Hey guys, my name is Madeline, but you can call me Mads for short. I’ll answer to either. This article is just me pretending to be Carrie Bradshaw, which means I have to pretend that I have even seen an episode of Sex and the City. (I have not and, in fact, had to look up if it was Sex and the City or Sex in the City because I was not sure). Unlike Carrie Bradshaw, (or my possibly inaccurate view of Carrie Bradshaw) I am perpetually single.
However, just yesterday, a momentous event occurred in my life. I was walking to the Huddle at around 7 p.m., and I held the front door open for the person behind me, like my good Catholic school training taught me to do.
Little did I know that this small act could lead to the biggest moment in my life so far, for I held the door open for a cute guy. Wow! Ring the alarm. And that is not even the best part. This man, who must also have been taught well by his own Catholic school upbringing, responded with “thanks.”
Our eyes met in a fleeting moment of passion and I quickly turned away to hide the smile creeping on my face.

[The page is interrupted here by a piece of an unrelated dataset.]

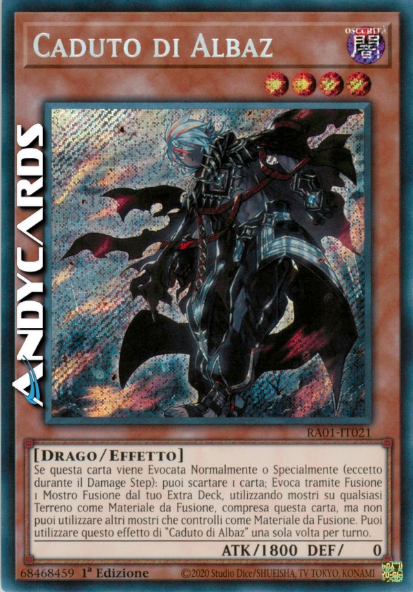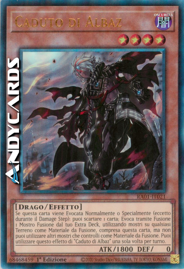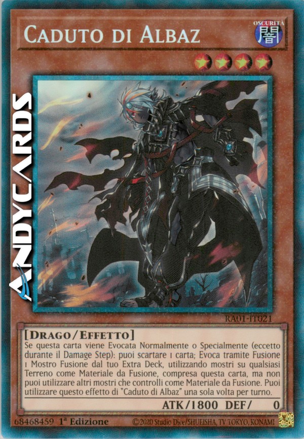 Se questa carta viene Evocata Normalmente o Specialmente (eccetto durante il Damage Step): puoi scartare 1 carta; Evoca tramite Fusione 1 Mostro Fusione dal tuo Extra Deck, utilizzando mostri su qualsiasi Terreno come Materiale da Fusione, compresa questa carta, ma non puoi utilizzare altri mostri che controlli come Materiale da Fusione. Puoi utilizzare questo effetto di "Caduto di Albaz" una sola volta per turno.
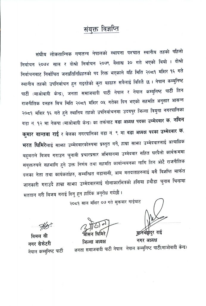 उदयपुरमा जसपा र नेकपाको सहयोग माओवादी केन्द्रको उम्मेदवारहरुलाई (विज्ञप्ती सहित)

Yes, this was only a small moment, but in my head, it is now so much more. Dear kind sir, I do not know your name, and only barely remember your face, but you have made a lasting impact. If you are out there, feel free to contact me. If you are a white, tall, lanky kid with brown hair who looks like his father is a lawyer, and was in LaFun at some point, still feel free to contact me.
Even if you do not reach out, that is okay, because in my head, we are booking the Basilica in 2022 for a spring wedding. It won’t be all smooth sailing in our relationship. There will be extended years of sharing one goddamn sink in a one bedroom apartment—can you clean up your toothpaste residue just once in a while?—but our fights will only drain our will to look for anything more emotionally fulfilling. And, ultimately, we will always decide to stay together just to keep the Notre Dame tradition alive. I’ll yell at you for still mentioning your ex-girlfriend, and you will shout back at me for being too clingy and selfish.
Eventually, we will separately and privately realize that we can do no better than each other, book the Basilica for the aforementioned season and year, and get married before hopefully settling in a north shore suburb of Chicago. You will work for a top four consulting company (not anything else I stg), and I will raise our two children, Charlie and Emma, while staying at home and writing my soon-to-be best selling novel.
We will want to get divorced after some time, but we will stay together and focus on our kids, who will definitely be going to Notre Dame or at least Boston College. I will cry when we drop off Emma at the newest Welsh/Walsh dorm, and you will comfort me before surprising me with an all-inclusive cruise to the Caribbean. Our kids will be successful, and we will retire to Naples, Florida, on the fiftieth anniversary of our love’s unceremonious death. A true romantic tale.
But for now, you are just the guy who said thank you for when I propped the door open. Call me. My favorite hobby is overthinking.